Covid-19 já matou 32 crianças e adolescentes no CE; em Fortaleza, bairros periféricos têm mais casos

Segundo especialista, a baixa prevenção ao vírus em regiões com maior vulnerabilidade social é uma das justificativas

Escrito por Redação,

Metro

O Ceará já registra 32 mortes de crianças e adolescentes até 19 anos causadas pela Covid-19 desde o início da pandemia no Estado. O óbitos foram contatados em 20 municípios cearenses, sendo a Capital a cidade mais afetada, com 11 óbitos distribuídos principalmente em bairros periféricos, como Vila Velha e Bom Jardim. 

Os dados são da última atualização do IntegraSUS, às 18h26 desta terça-feira (16), e foram obtidos a partir do Núcleo de Dados do Sistema Verdes Mares.

 

 

Além de Fortaleza, com 11 óbitos, Sobral teve três óbitos, e os demais uma morte cada: Aracoiaba, Barro, Beberibe, Cascavel, Granja, Caucaia, Crateús, Frecheirinha, Guaraciaba do Norte, Iguatu, Itapipoca, Maracanaú, Moraíma, Monsenhor Tabosa, Parambu, Pindoretama, São Gonçalo do Amarante e Viçosa do Ceará.
 
Já os 11 óbitos registrados em Fortaleza se deram nos bairros Quintino Cunha, Manuel Sátiro, Boa Vista, Bom Jardim, Joaquim Távora, Lagoa Redonda, Centro, Vila Velha, Presidente Kennedy, Jardim Guanabara e José de Alencar.
 

Óbitos

De acordo com o infectologista e pesquisador Keny Colares, uma das possibilidades para os óbitos em Fortaleza se darem em bairros com maior vulnerabilidade social é o fator de prevenção ao vírus. “Nós sabemos que a adesão aos cuidados nesses bairros são menores.
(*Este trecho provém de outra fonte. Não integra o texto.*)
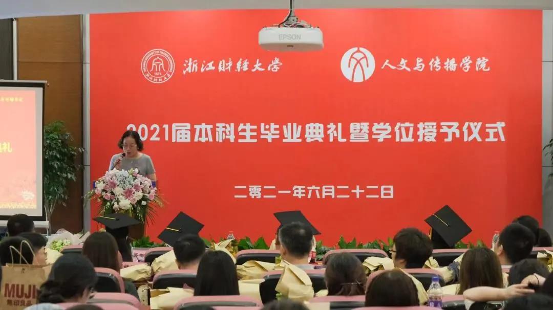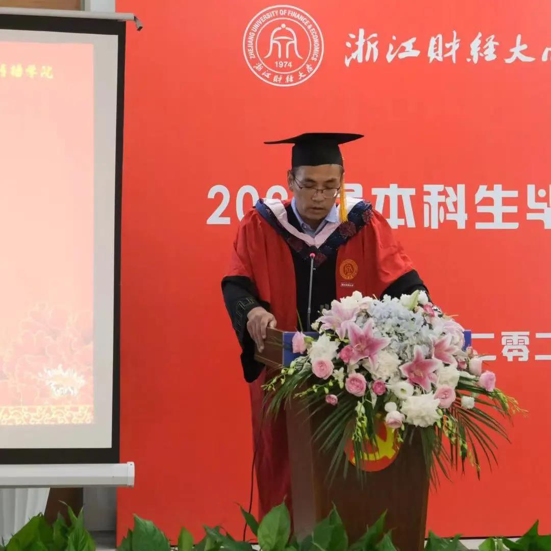 毕业典礼由周保欣院长深刻真诚的致辞开场。“我们生活在一个动荡的世界,走在一条未知的路上。不管这个世界如何变化,我们都要以不变应万变,坚定自我的方向和目标,用人类文明和价值理性塑造我们的生活。”在未来的人生道路上,周院长勉励各位同学建立自我的价值生活,直面生活的苦难,通过文学丈量生命的时间,矢志追求更有高度、更有品味的人生。临近毕业之际,周保欣院长欣慰地感慨:“江山代有才人出,相信你们会具有比我们更优秀的潜质和禀赋,你们会比我们做的更好。”希望同学们在浙财的求学经历成为前途坚实的路基,在成人韩漫

Há dificuldade de acesso à informação, também. O vírus pode se manifestar de diversas formas quando se tem muitas pessoas morando na mesma casa”, exemplifica.

Conforme o especialista, as comorbidades também podem ser motivação para os óbitos em uma faixa etária pouco acometida fatalmente, como as crianças e adolescentes.  “É preciso ter cuidado com essas especificações, como diabetes e obesidade. Muita gente acha que, por serem mais jovens, não podem desenvolver quadros graves. Mas fica o alerta: cada caso é um caso. Principalmente em quem está inserido nos outros fatores de risco”, pontua.

Existe ainda outra doença que pode ser desenvolvida após a Covid-19 nos mais jovens, segundo Colares. “A Síndrome de Kawasaki tem sido percebida em crianças, principalmente, que são assintomáticas na Covid. Acontece que essas crianças têm sintomas leves e mais futuramente desenvolvem essa outra síndrome, que pode ser mais grave. Seria um tipo de resposta imunológica à Covid. Já há alguns casos na cidade, mas ainda é pouco estudada. Não sabemos essa relação profundamente ainda”, aponta.

Procurada para detalhar ações dentro dos bairros, a Prefeitura de Fortaleza comunicou, por nota, que desenvolve diversas ações de prevenção e combate a Covid-19, contemplado as sete Regionais da cidade e todas as faixas etárias.

1. Agentes Comunitários de Saúde (ACS), com visitas domiciliares;
2. Distribuição de máscaras para todos (Projeto Todos com Máscara);
3. Fiscalizações e monitoramento de diversos espaços da cidade;
4. Orientação com Agentes de Cidadania reforçando a importância do isolamento social e também com distribuição de máscara;
5. Caminhões pulverizadores em bairros com altos índices;
6. Novo protocolo farmacológico para casos leves nos postos de saúde;
7. Limpeza diária dos transportes públicos;
8. Suspensão das aulas;
9. Cursos e Palestras Online para Jovens,por meio da Rede Cuca;
10. Escuta psicológica gratuita, por meio da Secretaria Regional I e grupo voluntário.